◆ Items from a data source
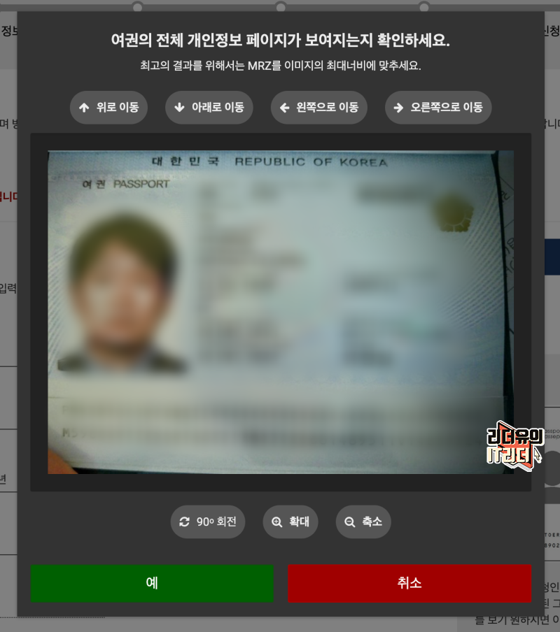 여권을 올리면 이렇게 화면이 나오고 여기서 사진 위치를 조정할 수 있게 나옵니다.
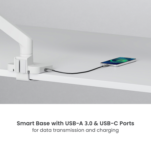A dependable companion for dual-monitor users. Its sliding rail enables the effortless positioning of two screens, while the interactive handle facilitates one-handed adjustment. Featuring a quick-release VESA plate and topside installation base, it offers unparalleled convenience for the best user experience. Moreover, its smart base, equipped with USB-A & USB-C ports, ensures seamless data transmission and charging. Premium leather accents meet sleek functionality, this arm effortlessly complements any interior decor.
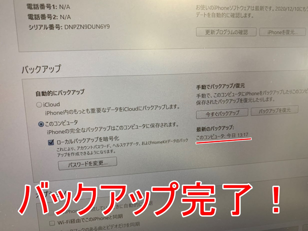 内容量にもよりますが、iTunesでのデータバックアップは大体30分~2時間程度で終わります。
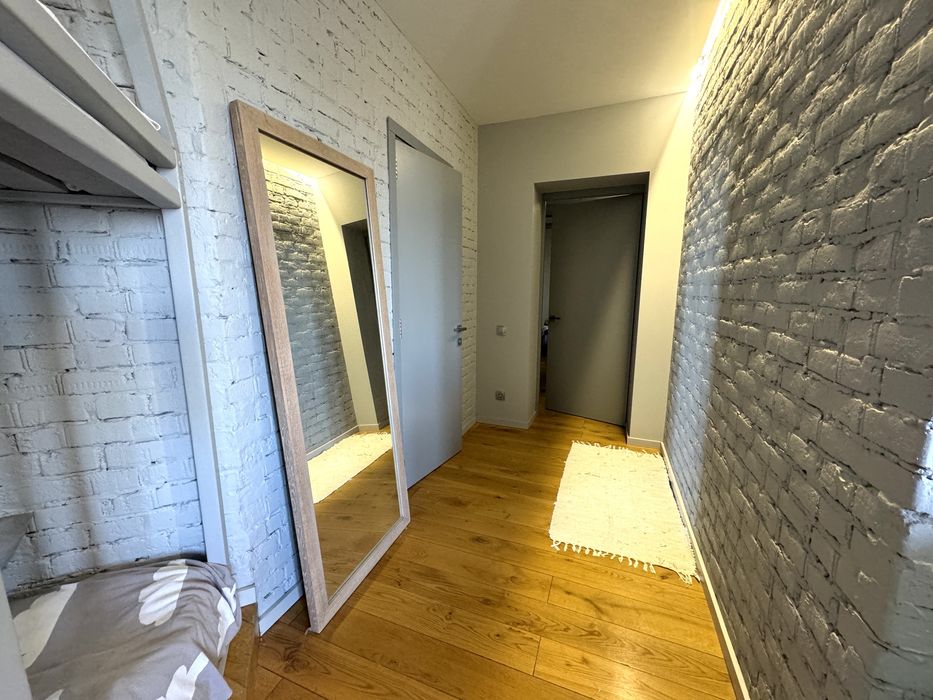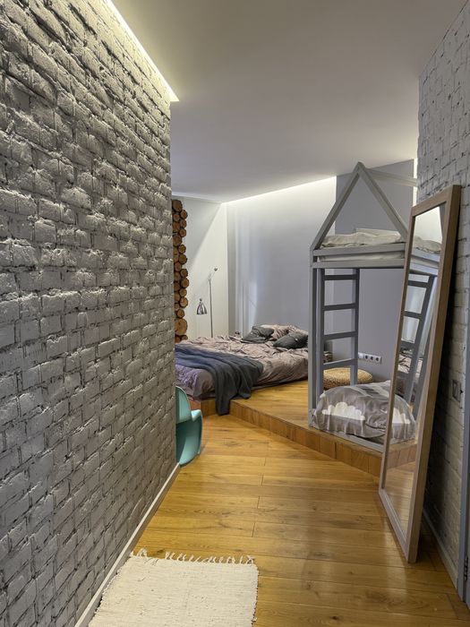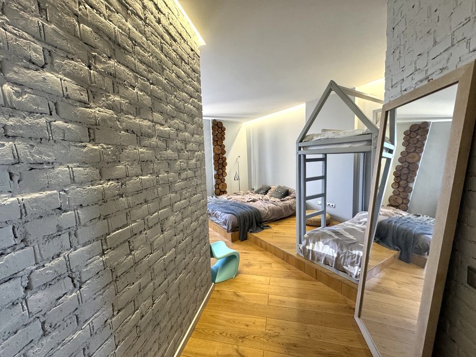 Повністю мебльована, з картинами та декором. На кухні - електроплита, чайник, блендер, гарний посуд, холодильник, міні-духовка окремо. У залі диван розкладається в двоспальне ліжко, в спальні - великий розмір матраца 2*1.80, плюс дитяче 2-ярусне ліжко. Є ковдри та подушки, постіль, рушники, якщо потрібно - теж. Вбудований гардероб і комод для зберігання речей. У передпокої - велика вбудована шафа для зберігання.
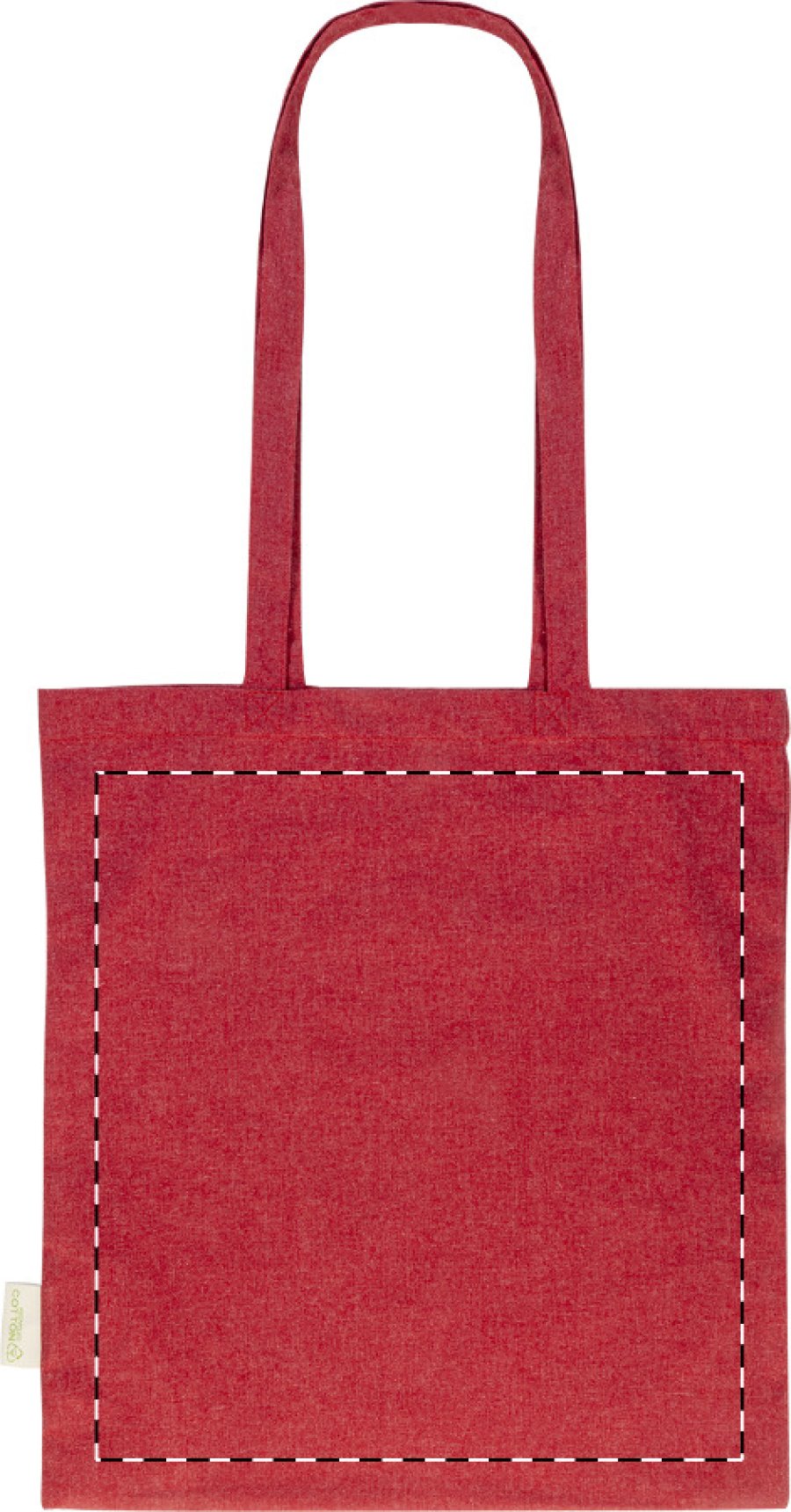 Nákupní taška s dlouhými uchy ze 70 % recyklované bavlny a 30 % RPET polyesteru, 140 g/m². S výraznou etiketou o recyklované bavlně.
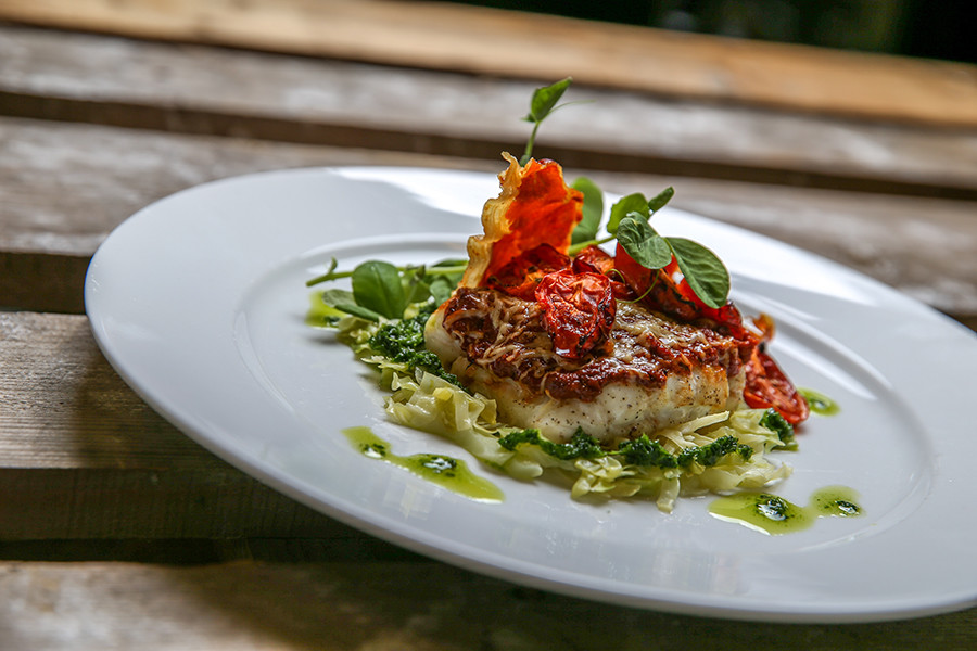 Annemette Fruergaard har sammensat en lækker ret af torsk med tomattapenade, bagte tomater og vesterhavsost.

◆ TASK BRIEF
Can the lines from the start of the records through the line with "内容量にもよりますが、iTu" be given again exactly, with the pictures left out?

◆ SOLVED EXERCISE
 여권을 올리면 이렇게 화면이 나오고 여기서 사진 위치를 조정할 수 있게 나옵니다.
A dependable companion for dual-monitor users. Its sliding rail enables the effortless positioning of two screens, while the interactive handle facilitates one-handed adjustment. Featuring a quick-release VESA plate and topside installation base, it offers unparalleled convenience for the best user experience. Moreover, its smart base, equipped with USB-A & USB-C ports, ensures seamless data transmission and charging. Premium leather accents meet sleek functionality, this arm effortlessly complements any interior decor.
 内容量にもよりますが、iTunesでのデータバックアップは大体30分~2時間程度で終わります。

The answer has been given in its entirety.